Cubical Maze Module

                          Symmetry Under Transformation

The Sommer Cube (S3) is a cubical maze module, an exoskeleton, with form and space consistent with Gestalt Illusion and Architecture, predicated on the manipulation of objective and subjective reality. 

Topology -- from planar to spatial environment.  

(Note Descartes’ insight that "smooth surface can be approximated with a polyhedron”.)

Thus, it is analogical in nature.  However, the exoskeleton also circumscribes a system of linkable tunnels which depend on the Law of Gravity.  Thus, it is also binary in nature.

                                                                                Tangram / S3

In other words, S3 is a systematic confusion of whole(s) and part(s), a topology of paradox (different sorts of paradoxes) requiring a back and forth of cognitive and perceptual faculties where the manipulator must rise to successive higher levels of abstraction:  Hegel’s dialectic.

Thus, S3 is an architecture of nested dichotomies:  contradictions of reason and perception, frames of reference, of logic, pattern and process, motion and stasis; nested, confusing distinctive-feature information.  


A hybrid:  combined puzzle and maze and rolling ball device, where intuition is a prerequisite -- logic is necessary but not sufficient — a classic toy.
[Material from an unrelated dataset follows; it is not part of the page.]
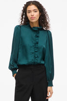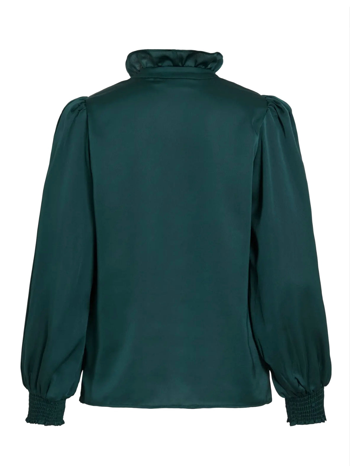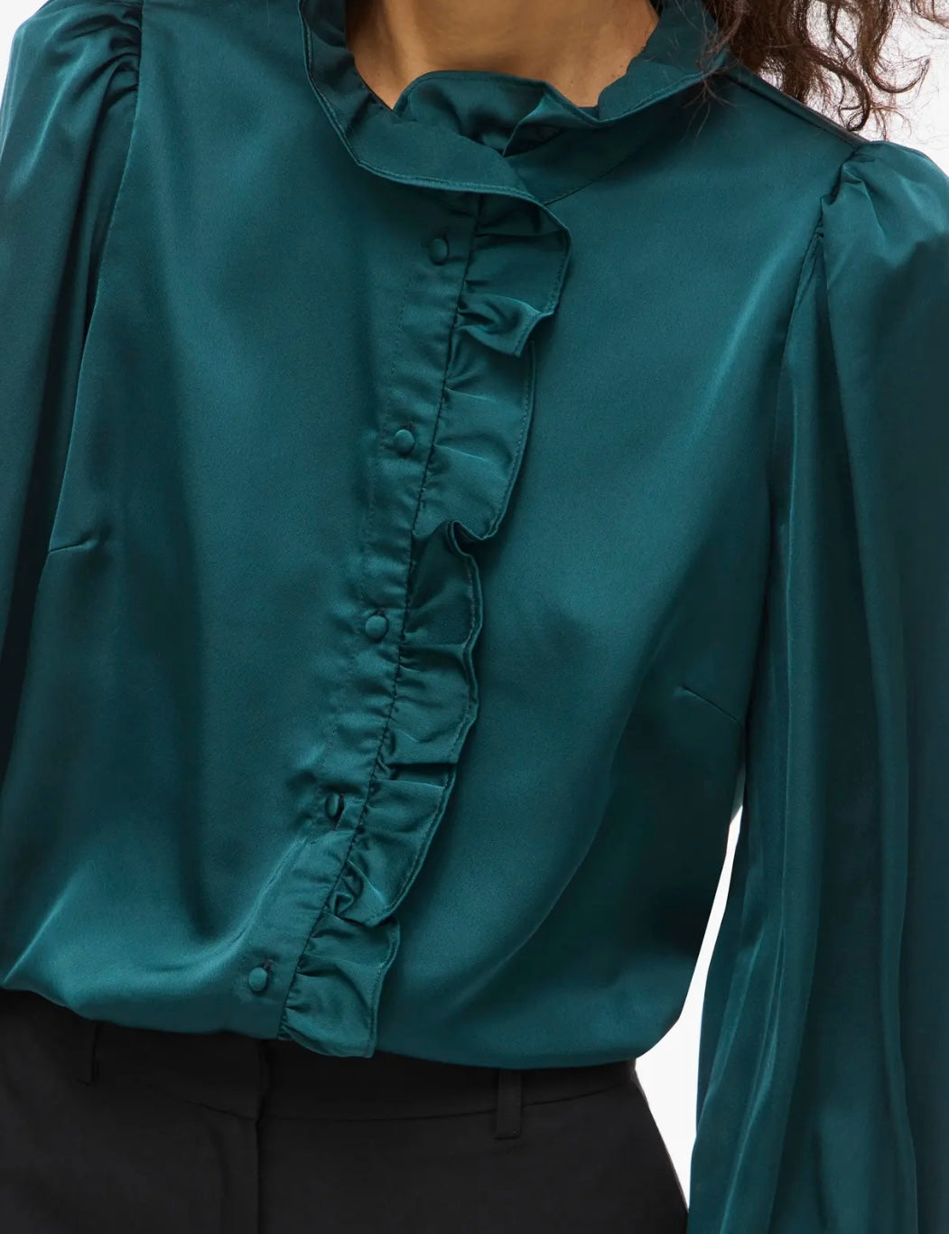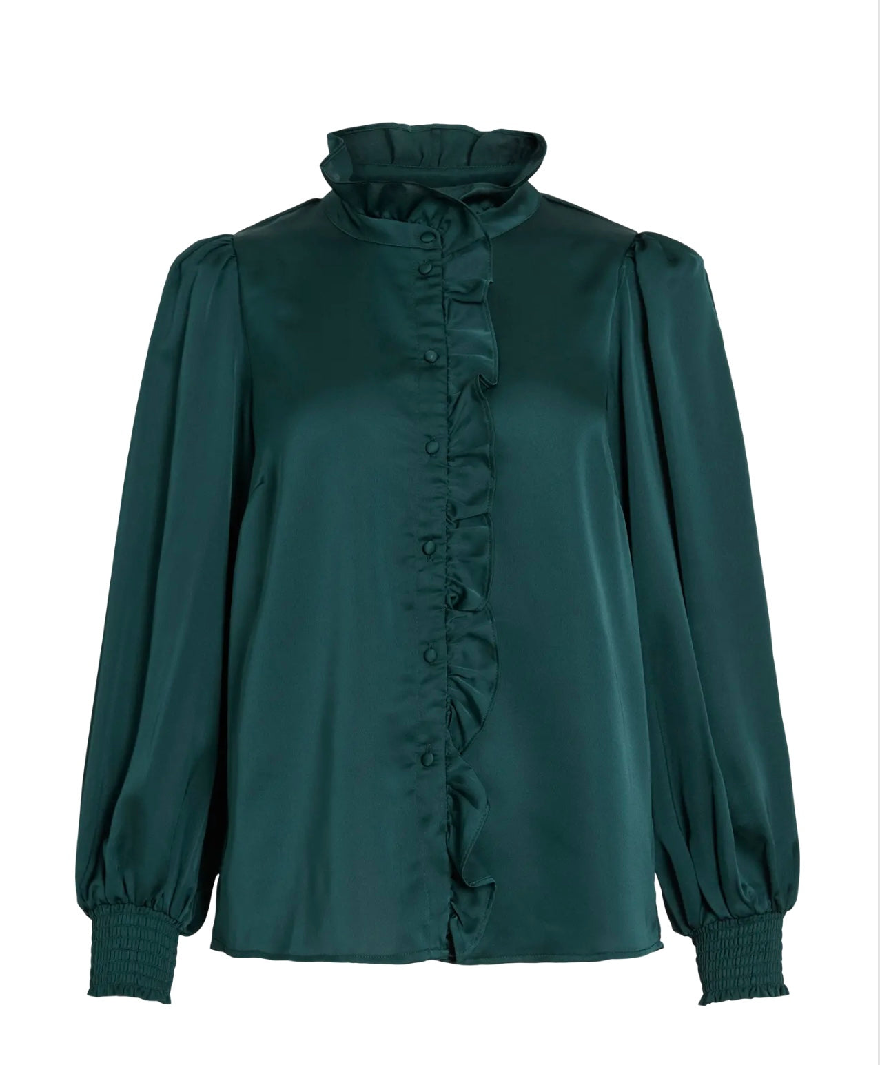 Lutto L/S Frill Shirt fra Vila er en feminin og elegant bluse med romantiske detaljer. Den har lange ermer med strikk i mansjettene, høy hals og dekorative volanger langs knappeåpningen foran. Blusen har en lett og luftig kvalitet som gir et sofistikert uttrykk – perfekt både til hverdags og fest.

A motile (“to touch … and not merely see”:   a work of art of bare utility, like mobile and stabile, a machine (uses energy to perform intended action) which offers abstraction of form and function, as well as cognitive payoff, for the manipulator;

A dynamic router:  a system of programmable binary (0/1) switches, a “flying junction” (an over-and-under junction of tunnels which weave past each other) housed within a cubical exoskeleton with multiple axes of rotation and alternative, manipulator-controlled ball trajectories, offering exit in all orientations.
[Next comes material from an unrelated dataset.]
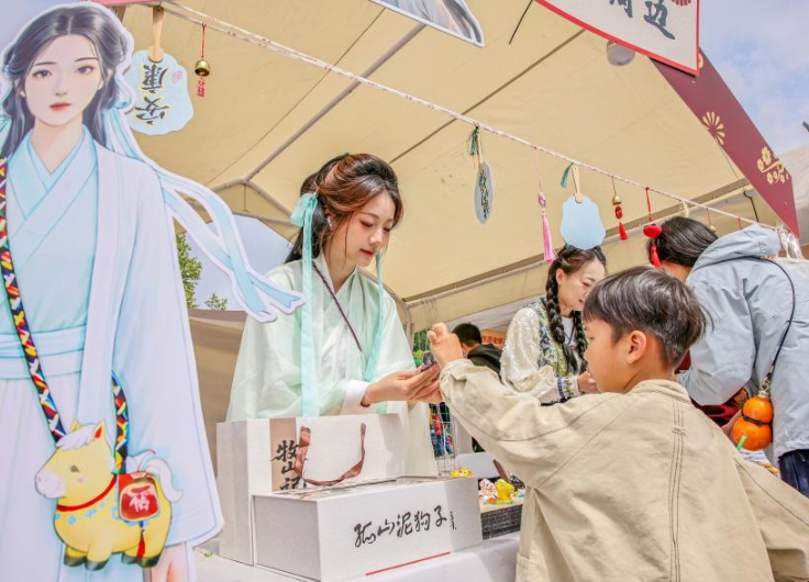 今年“三月三”市集共设300余个摊位,集中摆放在原孤山中学空地区域,划分非遗文创、商品百货、助农、美食、游戏等区域。不少市民都是全家同行,感受传统民俗气息。“今年的‘三月三’让人耳目一新,摊位布局规整、业态丰富,我们逛得非常开心。”市民刘峰说,“三月三,上孤山”是他他心中割舍不下的乡土情怀。
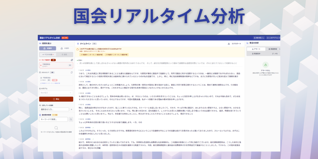 国会審議は、政策の論点や意思決定のための議論が最も行われる重要な場所です。一方で、会議は長く、論点は複数に分岐し、その論点の理解には様々な背景情報が必要なため、その論点をリアルタイムで整理するのは簡単...

Instead of viewing space as fixed, a passive arena (simple games, puzzles and mazes), the S3 network architecture uses space and geometry as active participants in the problem universe.
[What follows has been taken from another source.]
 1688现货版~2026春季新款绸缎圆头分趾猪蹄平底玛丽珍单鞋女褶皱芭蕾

    Root (what it is) -- squareness.

    Process (what it does) -- planar rotation of parts — circleness. 



Rotational Motion vs.  Stasis (circleness    vs. squareness).

Tangram morphs from 2D to 3D.

Juxtapose square and circle across three dimensions:

stasis / (binary) motion,

symmetry / asymmetry,


“insideness” / “outsideness”, 

with collective agency of whole and parts.

In other words, S3 is about the tension of switchiness (compound cognitive, perceptual, mechanical flip-flop and schedule of reinforcement — reversal learning":  analogical reasoning, instrumental learning):  switching of directed attention, relative motion and form, and navigational strategies.  (Gestalt Engine (analog)  x  Tilt Switch (binary)  =  "Directed Attention" (flip-flop)  =  "Cognitive Flexibility” — think Gestalt Architecture.)


“The basic thesis of gestalt theory might be formulated thus:  there are contexts in which what is happening in the whole cannot be deduced from the characteristics of the separate pieces, but conversely; what happens to a part of the whole is, in clear-cut cases, determined by the laws of the inner structure of its whole.”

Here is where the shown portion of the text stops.